- Task to carry out: Would it be possible to output exactly, and only, the lines below from the one holding "Целта на оваа  активноста" to the last line, both included, with every picture left out?

*****

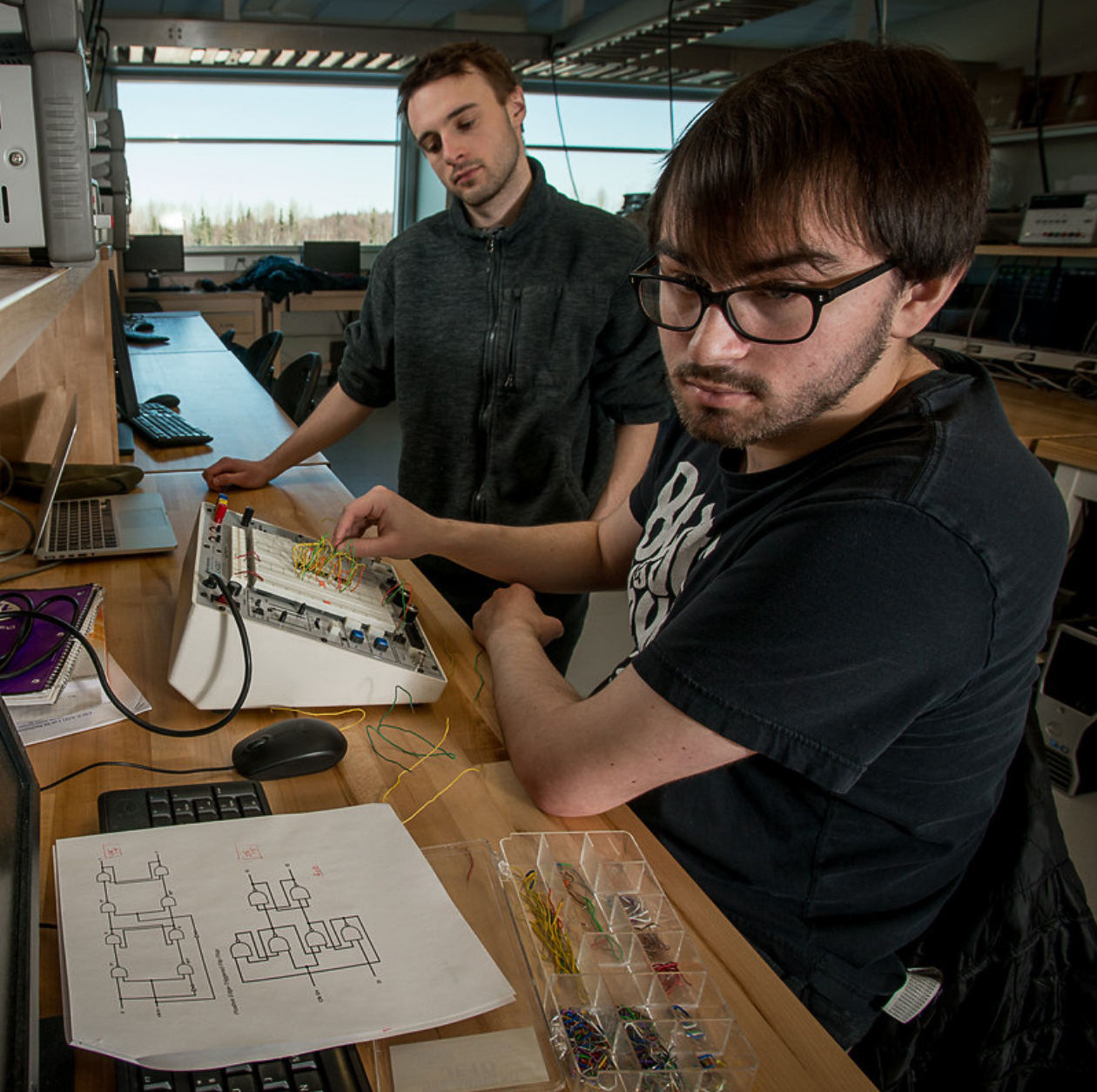 Student adjusting circuits on a circuit board according to a nearby printed schematic diagram
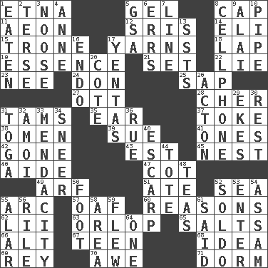ACROSS 1. Inactive volcano in Sicily 5. Set 8. Head covering 11. A really long time 12. Indian titles of respect 14. Connecticut Ivy Leaguer 15. Marketplace scale 17. Entertaining tales 18. Infant locale 19. Gist 21. Arrange properly for use 22. Whopper 23. Born 24. Spanish title 25. Plant excrement 27. Baseball player Mel 28. "Mermaids" star 31. Scottish caps 35. Hearing organ 37. Casino tip 38. Sign of things to come 39. Take to court 41. Washington bills 42. Went 43. Eastern Standard Time (abbr.) 45. Egg locale 46. Assistant 47. Small bed 49. Sandy's bark 51. Had dinner 52. Ocean 55. Curve 57. Clumsy lout 60. Thinks logically 62. Cards in a Roman deck? 63. Fourth or lowest deck 65. Table seasonings 66. The first octave above the treble staff 67. Adolescent 68. It may be bright or harebrained 69. Marina Del _, California 70. Deep reverence 71. Dormintory (informal) DOWN 1. Ingested 2. Laconic 3. Trap for birds or small mammals 4. Singer Murray 5. Girls' org. (abbr.) 6. Blunders 7. Actor's bit 8. Portable communications device 9. Jai ____ 10. Corncob 13. Fast planes 16. Inside; within (prefix) 17. Gossips 20. ____ d'Azur (French Riviera) 26. Gambison 29. Supplements with great effort 30. Remainder 31. Ancient Roman robe 32. Mine, in Marseilles 33. Ananias' fault 34. Contemptuous expression 36. Sorrow 40. Fortification 44. Haul 48. Beverages made from leaves 50. One third of a yard 52. Twentieth part of a lira 53. Keyboard key 54. Indian state 55. Having or resembling wings 56. Cause heat under the collar 58. Length times width 59. Soared 61. Stated 64. Single
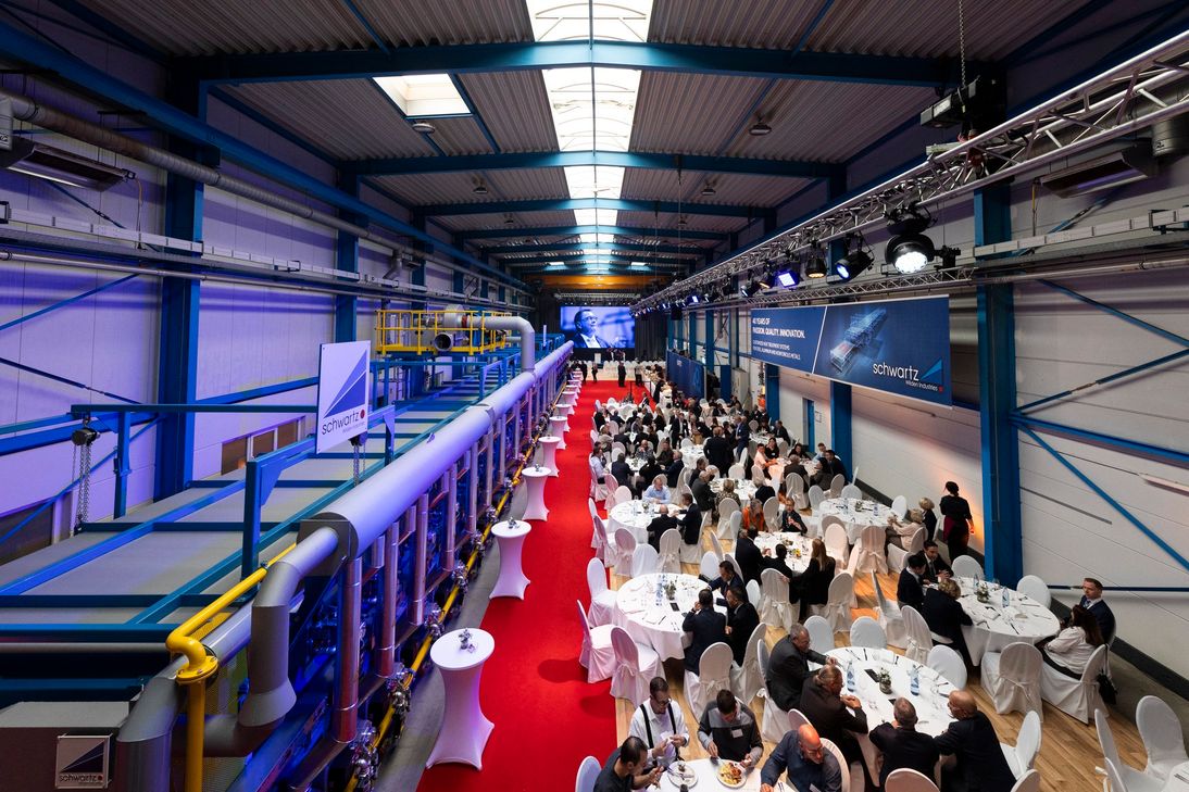 Es ist eine besondere Atmosphäre, die der 40 Meter lange Rollenherdofen ausstrahlt: Die Verbindung von Festlichkeit und industrieller Innovation ist der perfekte Rahmen für die Feierlichkeiten, die die schwartz Gruppe mit Kunden, Geschäftspartnern, Freunden, Familie und Ehrengästen, aber auch ihren Mitarbeitern zum Jubiläum beging.
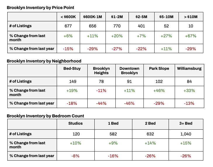 - In the last month, supply increased across all price points, neighborhoods and sizes, with the exception of Brooklyn Heights.
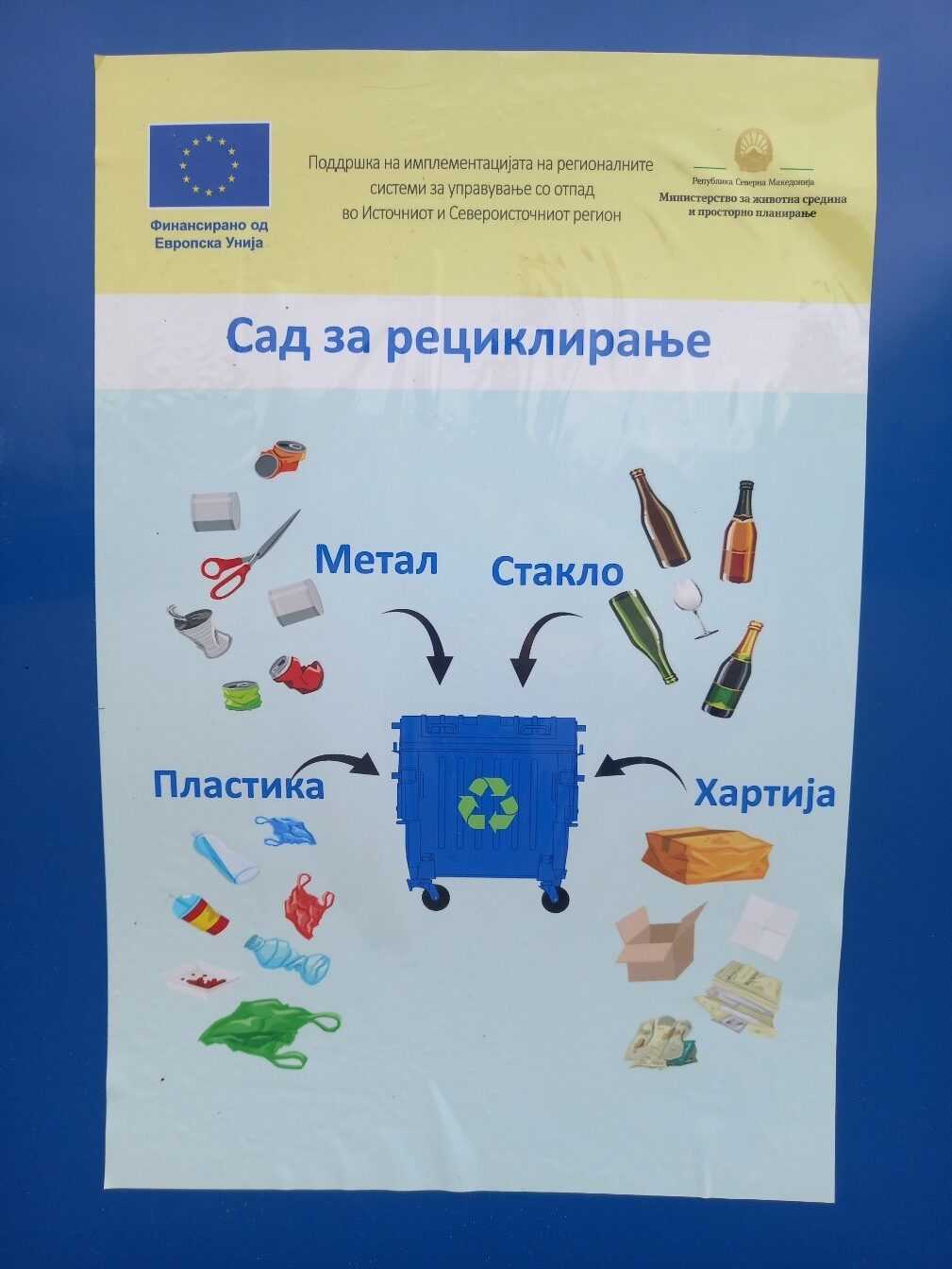 Целта на оваа  активноста е да се зголеми јавната свест, да се промовира правилното одлагање и рециклирање, како и да се поттикне активно учество на граѓаните во одржливите практики за заштита на животната средина. Поставената информативна табла обезбедува видливи упатства за тоа кој вид отпад каде припаѓа, што дополнително ќе придонесе за подобра селекција и намалување на количината на отпад што завршува на депонија.
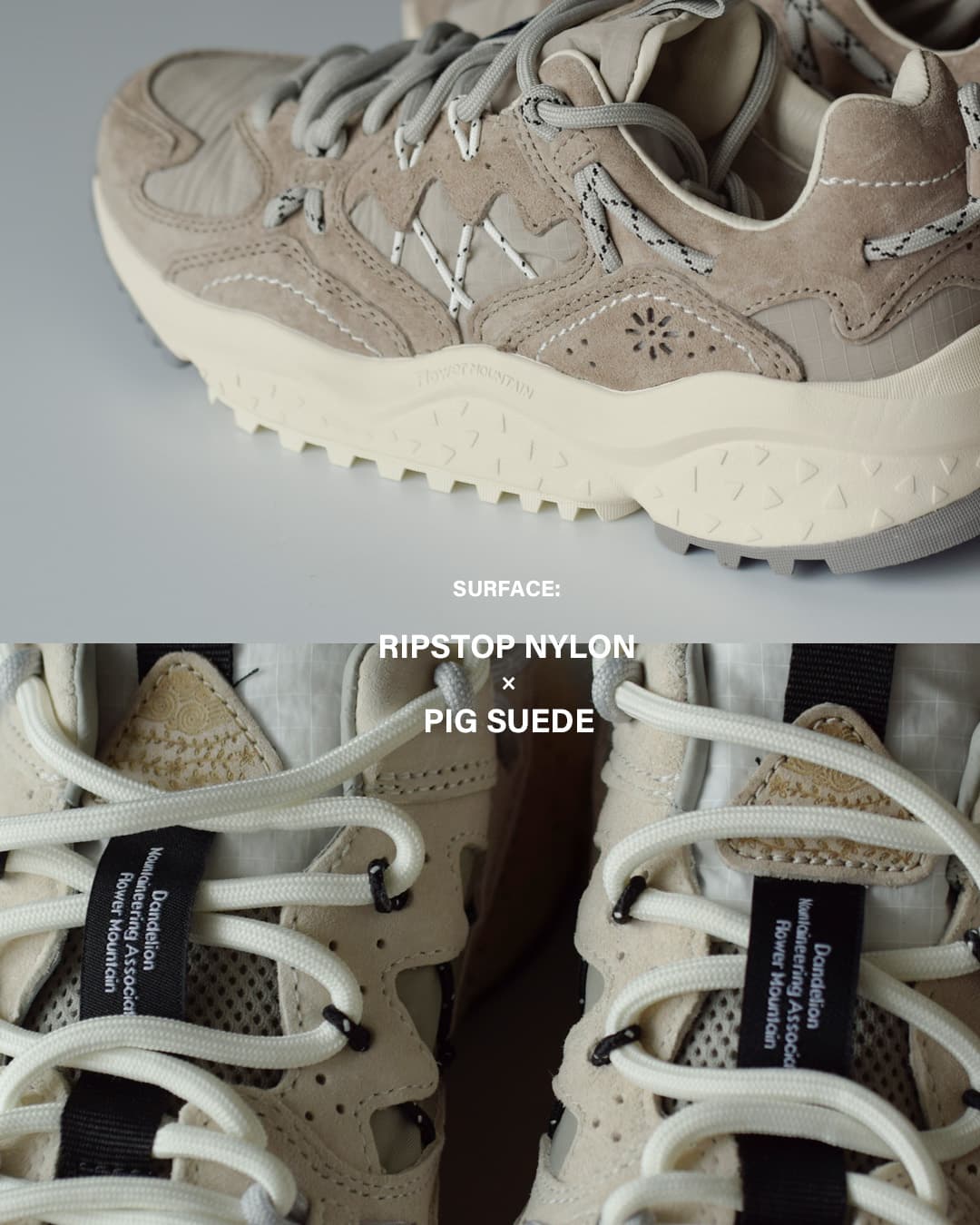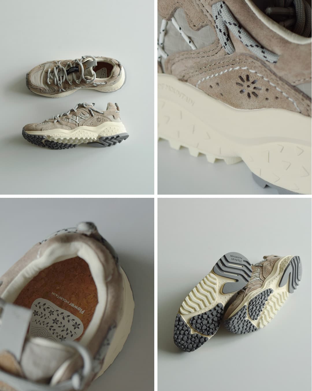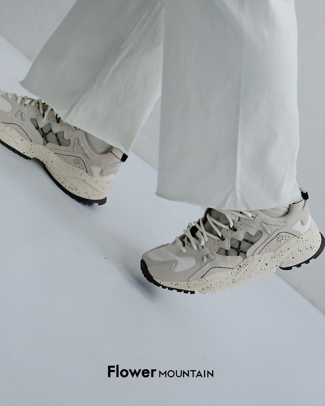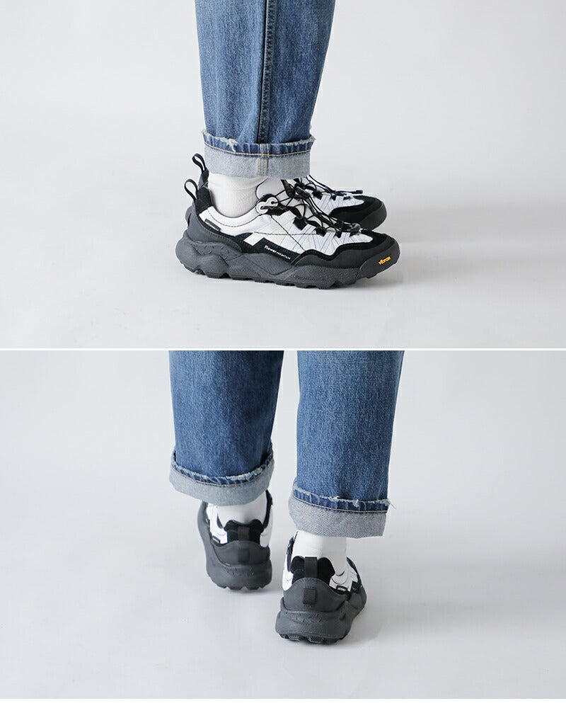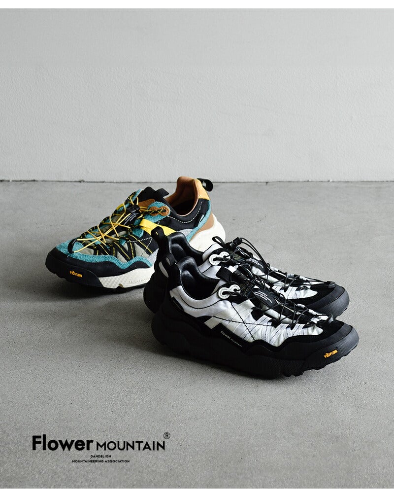 Flower MOUNTAINは2014年にデザイナーYang chaoとシューズクリエイター太田 圭輔により立ち上げられた日本のスニーカーブランド。自然をモチーフにしたデザインがコンセプトで、ファッションの側面だけでなく、足の形状に即した木型の設計や衝撃を吸収するソール、抗菌性のあるインソールなど機能性を重視したプロダクトを目指したブランドです。ストリートでの使用はもちろん、キャンプやアウトドアシーンでの使用を想定されています。

*****

- Completed exercise:
 Целта на оваа  активноста е да се зголеми јавната свест, да се промовира правилното одлагање и рециклирање, како и да се поттикне активно учество на граѓаните во одржливите практики за заштита на животната средина. Поставената информативна табла обезбедува видливи упатства за тоа кој вид отпад каде припаѓа, што дополнително ќе придонесе за подобра селекција и намалување на количината на отпад што завршува на депонија.
 Flower MOUNTAINは2014年にデザイナーYang chaoとシューズクリエイター太田 圭輔により立ち上げられた日本のスニーカーブランド。自然をモチーフにしたデザインがコンセプトで、ファッションの側面だけでなく、足の形状に即した木型の設計や衝撃を吸収するソール、抗菌性のあるインソールなど機能性を重視したプロダクトを目指したブランドです。ストリートでの使用はもちろん、キャンプやアウトドアシーンでの使用を想定されています。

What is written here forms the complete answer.